Historic photograph installed on the site where it was taken
Proposal for Brighton Seafront Public Art Commission
Brighton, England
Our proposal took as a starting point the representation, myth and collective
memory of Brighton, England, as a Bank Holiday destination for displays of public
disorder by rival gangs of ‘Mods’ and ‘Rockers’.
We proposed to make a billboard-sized enlargement of a news photograph of Brighton’s
first May-Day ‘riots’ in 1964. This would have been installed on the Aquarium
Terrace, the scene of the actual riots.
Brighton Seafront is connected to the history of military conflict along the
coastline and beaches of southern England. The 1960s generation of British youth
was the first not to undergo National Service after the Second World War, while
also benefiting from the economic prosperity of the postwar period The Mods’
and Rockers’ rebellious behaviour and conspicuous consumption carried enough
symbolic effect for them to be initially represented and dealt with as a significant
threat to the established order.
Decades of cultural reference and quotation are now interposed between the present
and that original time.
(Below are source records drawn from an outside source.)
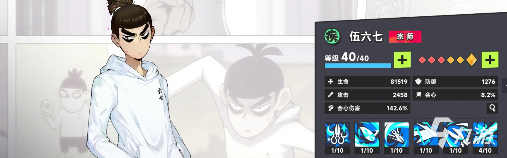 在角色的選擇方面,大家可能都更想選擇自己動(dòng)漫中喜歡的角色。不過(guò)小編這里推薦大家在新手期間可以使用伍六七來(lái)熟悉操作,因?yàn)槲榱卟粌H在動(dòng)漫中是主角,在游戲中同樣非常強(qiáng)力。其各項(xiàng)屬性都比較均衡,同時(shí)操作的難度比較低,對(duì)于新手玩家來(lái)說(shuō)比較好上手。等我們稍微熟悉了游戲的操作以及一些機(jī)制后,我們便可以開(kāi)始選擇我們自己喜歡的角色來(lái)戰(zhàn)斗了。除了戰(zhàn)斗外,玩家還可以在伍六七暗影交鋒體驗(yàn)到經(jīng)營(yíng)的快感,玩家可以經(jīng)營(yíng)起自己的發(fā)廊和牛雜店,經(jīng)營(yíng)的同時(shí)為我們提供一定的物資。
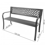An elegant garden bench in graphite is ideal for the garden, terrace, and balcony. It features a sturdy metal frame made of steel and cast iron, weather resistance, and an ergonomic backrest for comfortable relaxation. Non-slip foot caps enhance stability, and the timeless open (lattice) design adds style to your space.
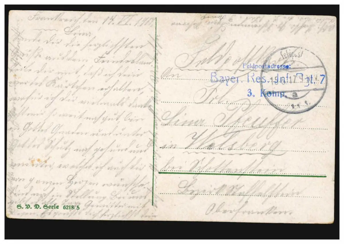 Feldpost BS Bayer. Reserve-Infanterie-Regiment 7, 15.6.17 auf AK Der Liebesbrief

By re-presenting this iconic photograph, Avant-Garde
would have interrogated the use of photography to structure imaginative access
to the past.
Avant-Garde considered how male violence becomes variously suppressed by the
State, presented as spectacle in popular culture, or valorised and incorporated
into official history. Yet the photograph tells little of the complexities of
class and gender in an important, albeit hedonistic struggle against the restrictions
of society. As an official commission which aestheticised youthful rebellion,
this project would have been an example of recuperation, the process by which
the social order is maintained.
‘Avant-garde’ derives from a French military term, which was later used in revolutionary
politics. Under Modernism it became a term of critical approval for experimental
arts. As the term became widely used to describe anything fashionable or novel,
it finally reached exhaustion and fell out of contemporary use.